Tàishàng dòngxuán língbǎo dàgāng chāo 太上洞玄靈寶大綱鈔
Outline of the Great Skein of the Cavern-Mystery Numinous Treasure, of the Most High by 閭丘方遠
(The source file reads 閭丘方達 Fāngdá — a typographical slip for 閭丘方遠 Fāngyuǎn, as attested in DZ 782 Dàdì dòngtiān jì and the author’s biography in DZ 296 Lìshì zhēnxiān tǐdào tōngjiàn. Preserved here in the prose so as not to silently correct the source.)
About the work
A three-folio outline of the Língbǎo tradition by the late-Táng Shàngqīng master Lǘqiū Fāngyuǎn 閭丘方遠 (hào Xuándòng xiānshēng 玄洞先生, d. 902). Transmitted in the Dàozàng in a composite juàn with DZ 392 and DZ 394 (KR5b0076, KR5b0078).
Prefaces
No prefaces in the source proper. The opening line identifies the author as “Xuándòng xiānshēng Lǘqiū Fāng[yuǎn] dá/shù 玄洞先生閭丘方達述”— “set forth by Xuándòng xiānshēng Lǘqiū Fāng[da/yuǎn].” The graph 達 is an evident slip for 遠.
Abstract
Dated by Schmidt (Schipper & Verellen, Taoist Canon 2: 332, DZ 393) to the end of the Táng.

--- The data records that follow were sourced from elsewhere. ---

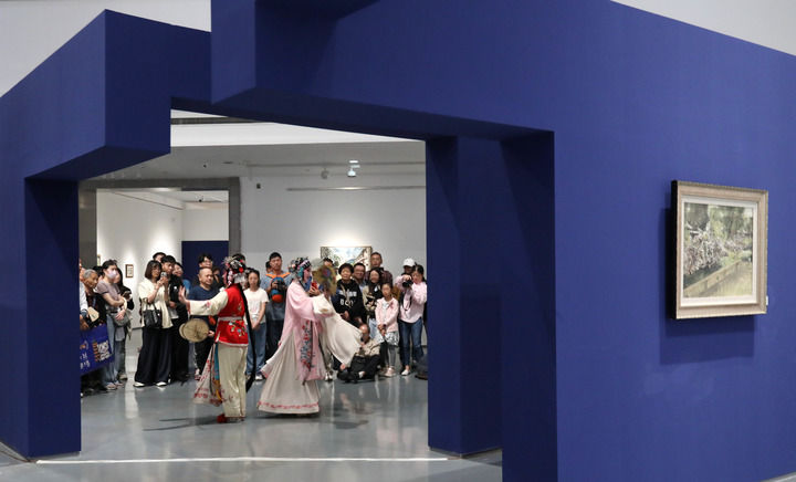 10月4日,游客在江蘇省蘇州美術(shù)館觀看昆曲《牡丹亭》。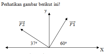 Diketahui = = 15 N. Jika gaya diuraikan ke sumbu-x, dapat disimpulkan bahwa komponen vektor F1 dan F2 adalah sebesar….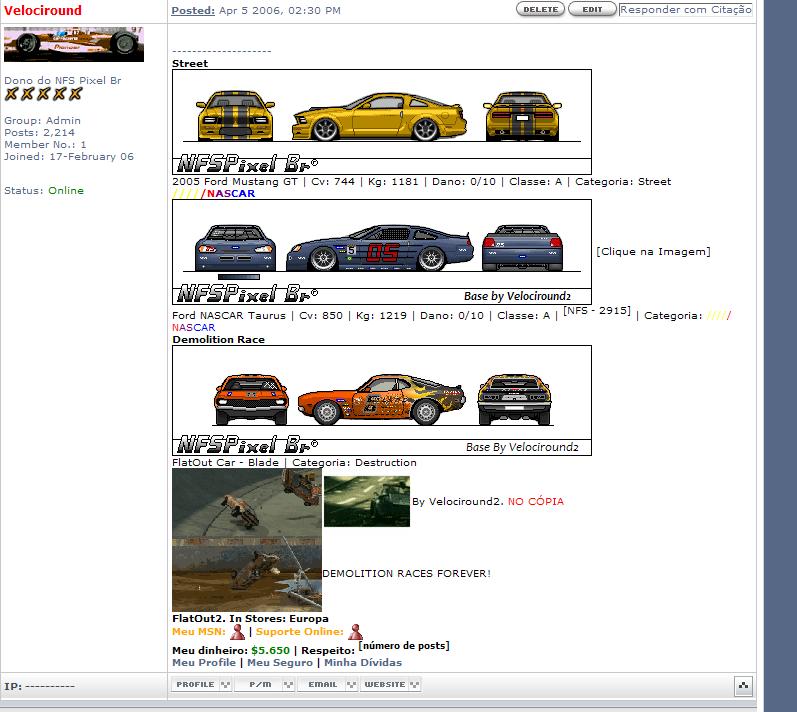Just on a side note: during the NFS Forum [Brazil] (my website in 2006) I made a website about Pixel Cars. I called it NFS Pixel Brazil and everyone from the other websites joined it too... There were car tuning, people had jobs, there were stores for buying things for the cars, and there were plenty of races and things like that for earning money and customizing their pixel cars... it was pretty cool, we even had a war between my website and another pixel car game, PCA ("Pixel Car Advanced"), in which everyone from my websites were registering on PCA for flooding/spamming as much as they could, with huge flood posts and everything... people on PCA tried to do the same but they just couldn't because my security systems were awesome ( ) and then PCA was infested with flood, spam and that kind of posts, they lost the war and closed their website completely... forever. (actually, PCA was created by a user who thought stealing MY pixel cars files and rules of the game was cool, so nobody on my forum liked it and the users decided by themselves to start the war and I liked it . The war ended in 2 weeks.).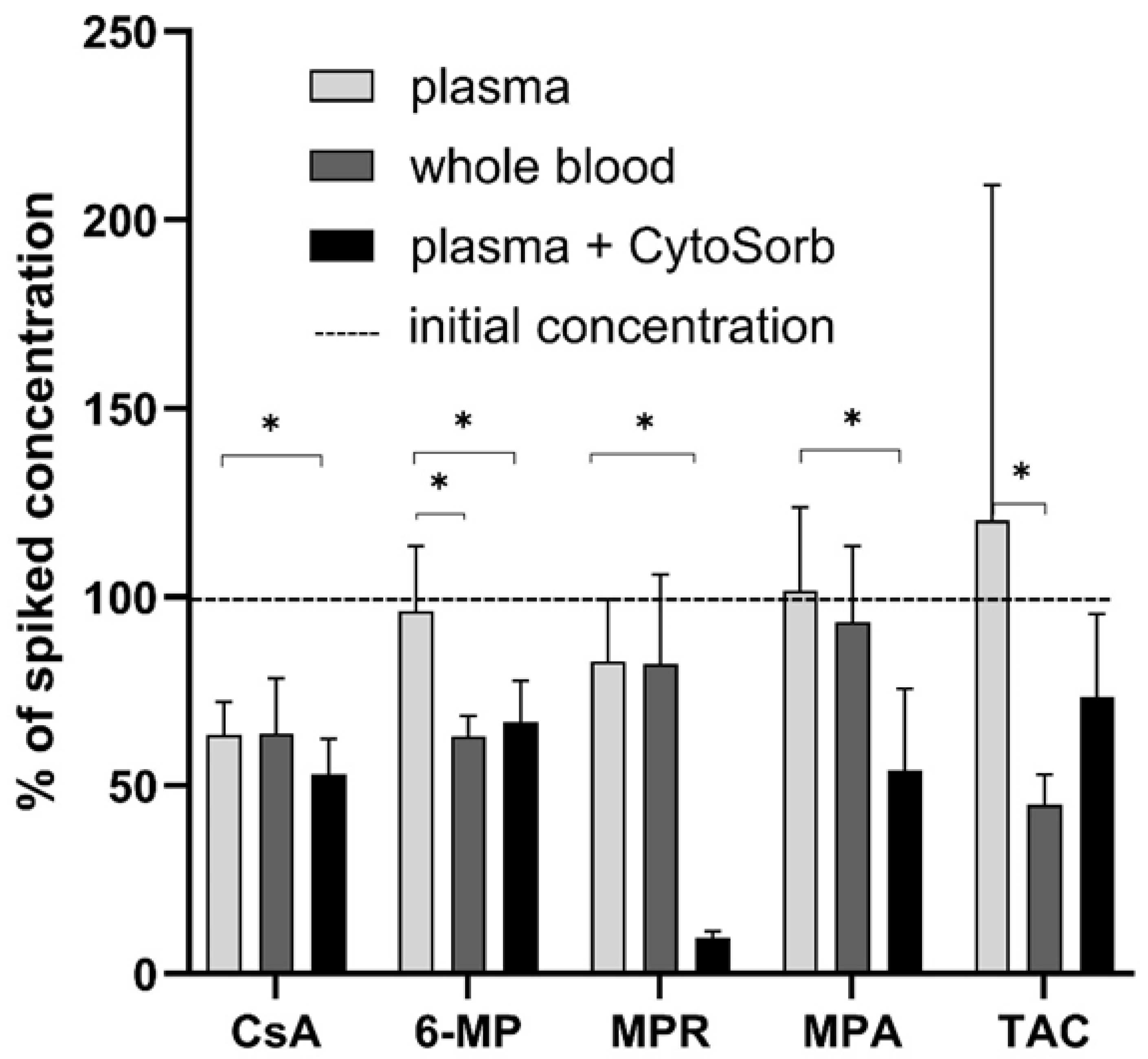 In this ex vivo study, CytoSorb treatment led to a measurable reduction in plasma levels of CsA, 6-MP, MPR, and MPA. While our results confirm that CytoSorb can reduce plasma concentrations of several immunosuppressants ex vivo, the complexity of immunosuppressive therapy in clinical practice precludes any recommendation regarding safety or dose adjustment based on this study alone.

Lǘqiū Fāngyuǎn — himself a master of the Shàngqīng tradition, in whose Tiānzhù guàn jì 天柱觀記 of 900 (cited in DZ 782 Dàdì dòngtiān jì 3.3b; biographical details in DZ 296 Xù xiān zhuàn 3.4a–6a) — first explains the Five Kalpas (wǔ jié 五劫) in relation to the Five Elements:
- Lónghàn 龍漢 = Wood kalpa
- Chìmíng 赤明 = Fire kalpa
- Yánkāng 延康 = Metal kalpa
- Kāihuáng 開皇 = Water kalpa
- Shànghuáng 上皇 = Earth kalpa
— each “revolving and renewing itself” and unfolding into sun, moon, stars, yīn and yáng. He then briefly describes the transmission of the Língbǎo scriptures from the time of the Yellow Emperor to Lù Xiūjìng 陸修靜. Lǘqiū also mentions Emperor Xuánzōng’s (r. 712–756) initiatives that changed the name of Táolín district to Língbǎo district and founded Língbǎo monasteries. Within the fifty-eight-juàn Língbǎo canon, Lǘqiū identifies the Dùrén jīng 度人經 (DZ 1) as the essential scripture.
The text is a valuable specimen of late-Táng Shàngqīng scholastic cataloguing — an intellectual stock-taking of the Língbǎo corpus by one of the last major Shàngqīng masters before the Wǔdài dispersal of the Daoist canon.
Translations and research
- Schipper, Kristofer, and Franciscus Verellen, eds. The Taoist Canon: A Historical Companion to the Daozang. Chicago: University of Chicago Press, 2004, 2:332 (DZ 393).